### What you need to do
When the string "from" is part of a line below, that line should be copied.

### Material for this task

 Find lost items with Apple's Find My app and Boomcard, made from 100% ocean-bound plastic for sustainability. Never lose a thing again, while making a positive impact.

* * *

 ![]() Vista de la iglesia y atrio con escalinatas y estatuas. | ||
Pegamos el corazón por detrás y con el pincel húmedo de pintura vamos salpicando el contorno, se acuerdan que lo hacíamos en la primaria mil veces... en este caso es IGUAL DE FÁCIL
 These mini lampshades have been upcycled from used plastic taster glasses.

### Result of this task
 Find lost items with Apple's Find My app and Boomcard, made from 100% ocean-bound plastic for sustainability. Never lose a thing again, while making a positive impact.
 These mini lampshades have been upcycled from used plastic taster glasses.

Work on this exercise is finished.